• [What you will do]: The required output holds only the lines from the one containing "Giacomo Nizzolo (Trek" through the end of the material below, copied exactly, please, with no pictures.

** Recorded data follows **

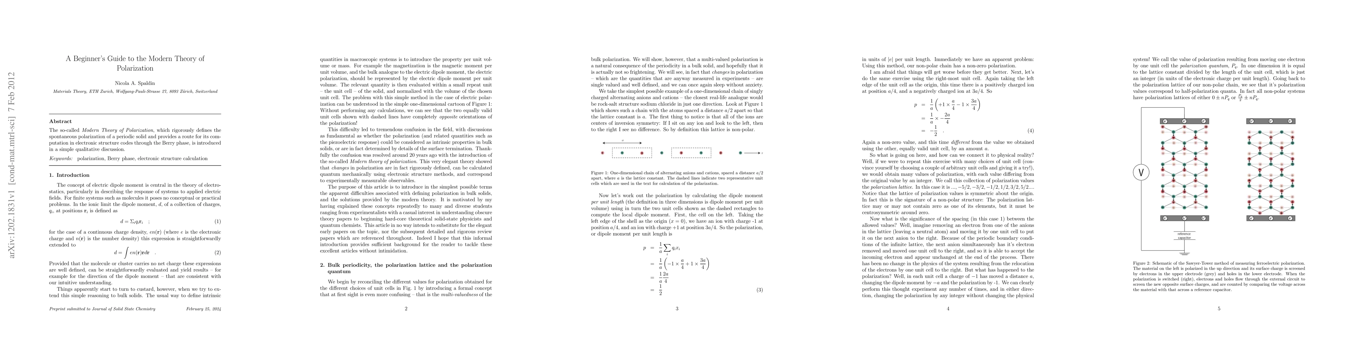 The so-called {\it Modern Theory of Polarization}, which rigorously defines the spontaneous polarization of a period solid and provides a route for its computation in electronic structure codes through the Berry phase, is introduced in a simple qualitative discussion.
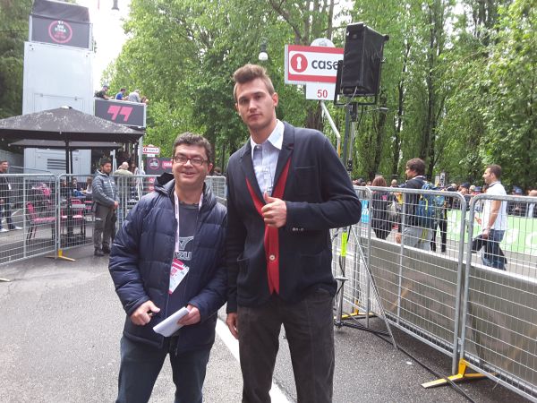 Giacomo Nizzolo (Trek Segafredo) vince l’ultima tappa (poi declassato, la vittoria va a Niklas Arndt. Qui all’arrivo poco prima di essere circondato dai giornalisti. Nibali vince il Giro per la seconda volta!
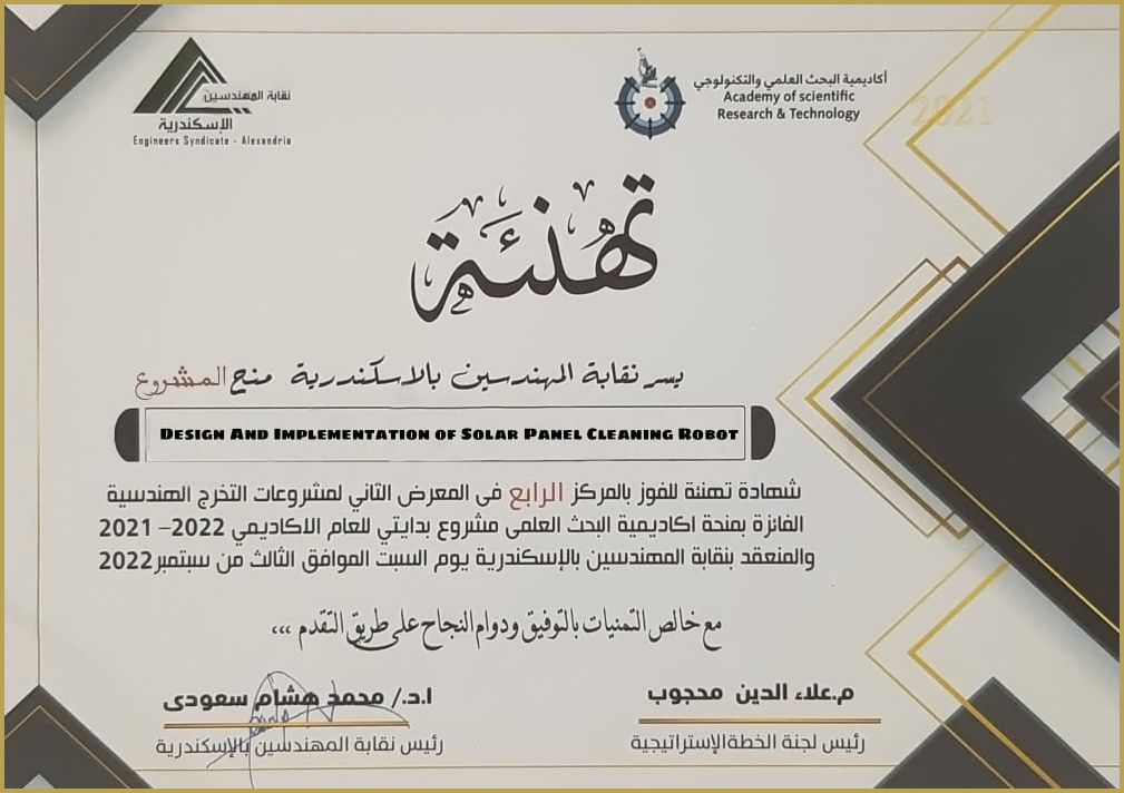 "Design and Implementation of A Smart Robot for Solar Panel Cleaning"
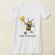 Uma abelha de mel feliz com a sua colher de mel a descer de uma vara de mel. Seus braços se levantaram no ar e um grande sorriso em seu rosto, entusiasmado por ter tanto mel. O texto diz para salvar as abelhas por baixo da imagem.

** End of Recorded data **

• [Reply to the exercise]:
 Giacomo Nizzolo (Trek Segafredo) vince l’ultima tappa (poi declassato, la vittoria va a Niklas Arndt. Qui all’arrivo poco prima di essere circondato dai giornalisti. Nibali vince il Giro per la seconda volta!
 "Design and Implementation of A Smart Robot for Solar Panel Cleaning"
 Uma abelha de mel feliz com a sua colher de mel a descer de uma vara de mel. Seus braços se levantaram no ar e um grande sorriso em seu rosto, entusiasmado por ter tanto mel. O texto diz para salvar as abelhas por baixo da imagem.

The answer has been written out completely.